Background: The PROLONG study showed that patients with venous thromboembolism who had qualitatively abnormal results in a D-dimer assay (Clearview Simplify D-dimer) after discontinuation of vitamin K antagonism benefit from resumption of treatment with vitamin K antagonism. The objective of this study was to evaluate the possible advantage of using quantitative D-dimer assays.

Design and Methods: VIDAS D-dimer Exclusion (bioMerieux), Innovance D-DIMER (Dade Behring), HemosIL D-dimer HS (Instrumentation Laboratory) and STA Liatest D-dimer (Diagnostica Stago) assays were performed in plasma aliquots sampled 30±10 days after cessation of vitamin K antagonism in 321 patients enrolled in the PROLONG study.

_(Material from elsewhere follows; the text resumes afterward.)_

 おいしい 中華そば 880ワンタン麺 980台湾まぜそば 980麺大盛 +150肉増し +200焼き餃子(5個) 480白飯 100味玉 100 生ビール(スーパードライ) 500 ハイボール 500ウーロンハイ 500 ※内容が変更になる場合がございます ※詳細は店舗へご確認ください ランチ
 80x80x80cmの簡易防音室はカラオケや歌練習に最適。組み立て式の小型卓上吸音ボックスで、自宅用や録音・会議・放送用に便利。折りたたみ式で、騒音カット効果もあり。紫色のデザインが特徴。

Results: During the follow-up without vitamin K antagonism, 25 patients had recurrent venous thromboembolism. The cut-off levels of the quantitative assays giving results most comparable with those of the qualitative test were: VIDAS = 800 ng/mL; Innovance = 800 ng/mL; HemosIL HS = 300 ng/mL; STA Liatest = 700 ng/mL. When the effect of the patients’ age (≤ 70 vs. >70 years) was analyzed, it was found that only in younger patients was the rate of recurrence of venous thromboembolism significantly higher in patients with abnormal D-dimer levels. However, using the quantitative assays and age-specific cut-off levels it was possible to determine statistically significant hazard ratios also in elderly patients (VIDAS = 600 and 1200 ng/mL, Innovance = 500 and 900 ng/mL, HemosIL HS = 250 and 450 ng/mL, STA Liatest = 700 and 1000 ng/mL, in patients aged ≤ 70 and >70 years, respectively).

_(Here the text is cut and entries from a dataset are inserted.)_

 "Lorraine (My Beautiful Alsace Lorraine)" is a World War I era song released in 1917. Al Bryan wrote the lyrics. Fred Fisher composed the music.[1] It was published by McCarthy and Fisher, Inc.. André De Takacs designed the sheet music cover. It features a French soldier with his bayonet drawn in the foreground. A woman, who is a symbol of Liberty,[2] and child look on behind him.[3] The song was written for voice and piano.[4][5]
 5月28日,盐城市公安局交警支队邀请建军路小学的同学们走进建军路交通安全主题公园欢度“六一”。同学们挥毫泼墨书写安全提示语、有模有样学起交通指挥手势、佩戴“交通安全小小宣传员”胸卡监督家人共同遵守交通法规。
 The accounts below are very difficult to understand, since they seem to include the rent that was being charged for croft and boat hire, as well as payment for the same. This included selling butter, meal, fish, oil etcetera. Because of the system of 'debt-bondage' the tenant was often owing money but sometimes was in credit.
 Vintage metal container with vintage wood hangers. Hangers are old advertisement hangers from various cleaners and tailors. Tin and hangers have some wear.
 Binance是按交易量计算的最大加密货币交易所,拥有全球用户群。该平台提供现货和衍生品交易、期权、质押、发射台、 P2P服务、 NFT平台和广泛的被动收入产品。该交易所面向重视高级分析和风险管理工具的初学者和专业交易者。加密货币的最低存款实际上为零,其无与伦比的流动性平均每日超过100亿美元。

Conclusions: Quantitative D-dimer assays may provide information useful for evaluating the individual risk of recurrent venous thromboembolism. They seem particularly advantageous since they allow the selection of different cut-off levels according to the age or other characteristics of the patients.

Key words: anticoagulation, D-dimer, recurrence, risk factors, venous thromboembolism.